3. How do you want to handle the ownership of your business?
(mixed: some shared “marital property” and some separate “nonmarital property”)
If you own 100% of a business worth $50,000 before getting married, you can designate that your spouse-to-be will own 50% of the business. If your business booms with the help of your spouse to $500,000 during your marriage, you both own 50% of the increased value so you would get $225,000 each. However, if you want your business to be considered as nonmarital property, keep in mind that your spouse may be entitled to half of any increased value in the business that occurred during the marriage.
4. What are your savings and retirement goals?
The couple can make concrete future financial plans together and decide how they will invest, save, or spend their money. For example, each spouse can agree to contribute a certain amount of money into joint bank accounts or determine whether there will be a regular spending allowance. Similarly, a this document can clarify whether joint household expenses like a mortgage will be paid from separate or joint bank accounts.
5. How will alimony or spousal support be handled?
This document can explicitly determine that the more disadvantaged partner will or will not receive financial support. State laws, however, vary on whether a spouse can completely waive or give up the right to receive alimony or spousal support.
Here are some questions that both a judge and a loving spouse might consider when determining alimony:
- If there is no spousal support, will the spouse become a pauper?
- Does the poorer spouse have limited business experience?
- Did the richer spouse fully disclose all their assets and wealth?
- Did the disadvantaged partner truly understand the rights they were giving up?
6. How will children from a previous relationship be supported?
If one partner has children from another relationship, this document can ensure that separate premarital property is shared with these children. Even when a will exists, a prenuptial agreement form can clarify and reinforce expectations to avoid costly legal battles that ultimately eat away at the estate.
Note: This contract can’t be used for unborn children from a new marriage.
As a reference, people often call this document by other names:
- Antenuptial Agreement
- Domestic Contract
- Marriage Contract
- Premarital Agreement
In contrast to a premarital agreement, a postnuptial agreement is entered into after marriage, and a cohabitation agreement is entered into when two individuals want to live together but not get married.

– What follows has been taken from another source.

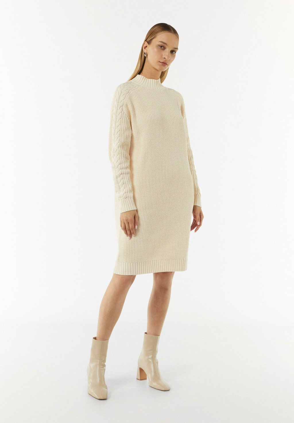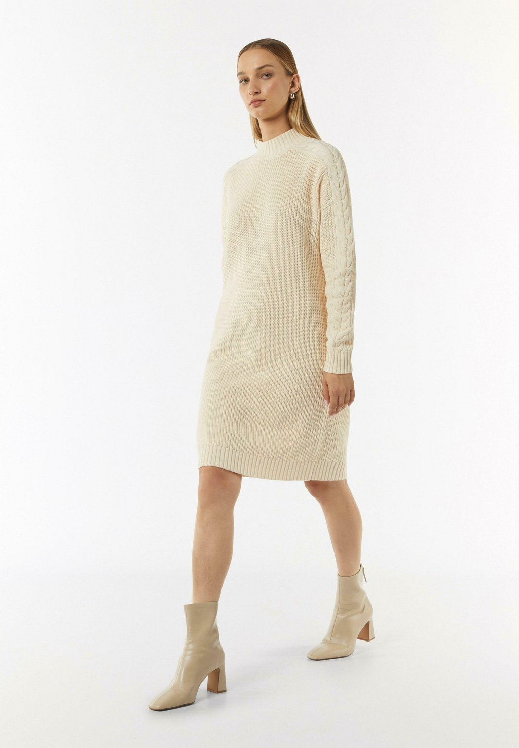 Платье-джемпер MIT ZOPFMUSTER AM ÄRMEL comma casual identity, молочный

3. Is a prenuptial agreement right for you?
I should use a prenup if:
- I was in a previous marriage
- I have children from another relationship
- there is a large difference in wealth or property
- one partner will stay at home and raise children
- there is a large difference in past or future earnings at work
- I am an owner or partner of a company, nonprofit, or business
- either my spouse or I have a large amount of personal debt
- you expect to receive or have already received an inheritance
- I am concerned about how my new marriage interacts with my estate
I shouldn’t use a prenup if:
- the prenup is heavily in favor of one party
- I am being coerced into signing the document
- my own lawyer has not looked it over
- neither spouse has sizable assets
- my spouse and I agree with our state’s default divorce laws
In the event that you decide to end your marriage, without a prenup you will likely need to use a Divorce Agreement to determine how to divide up your belongings.

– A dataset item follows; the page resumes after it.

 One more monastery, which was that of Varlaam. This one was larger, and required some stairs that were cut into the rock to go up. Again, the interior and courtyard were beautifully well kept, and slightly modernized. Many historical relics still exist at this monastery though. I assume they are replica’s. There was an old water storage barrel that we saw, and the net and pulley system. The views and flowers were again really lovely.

Do same-sex couples need this document?
After the June 2015 Supreme Court ruling Obergefell v. Hodges, the IRS also weighed in on same-sex marriages for federal tax purposes now that same-sex marriage is legal nationwide. Even before the Supreme Court ruling, same-sex couples would benefit from this document, according to a 2013 Forbes article. If you live in a community property state, it can help each spouse keep their property and liabilities separate and avoid triggering their state’s default community property laws.
Discover the 5 Ways a Prenup Can Save Your Marriage and how to open the discussion.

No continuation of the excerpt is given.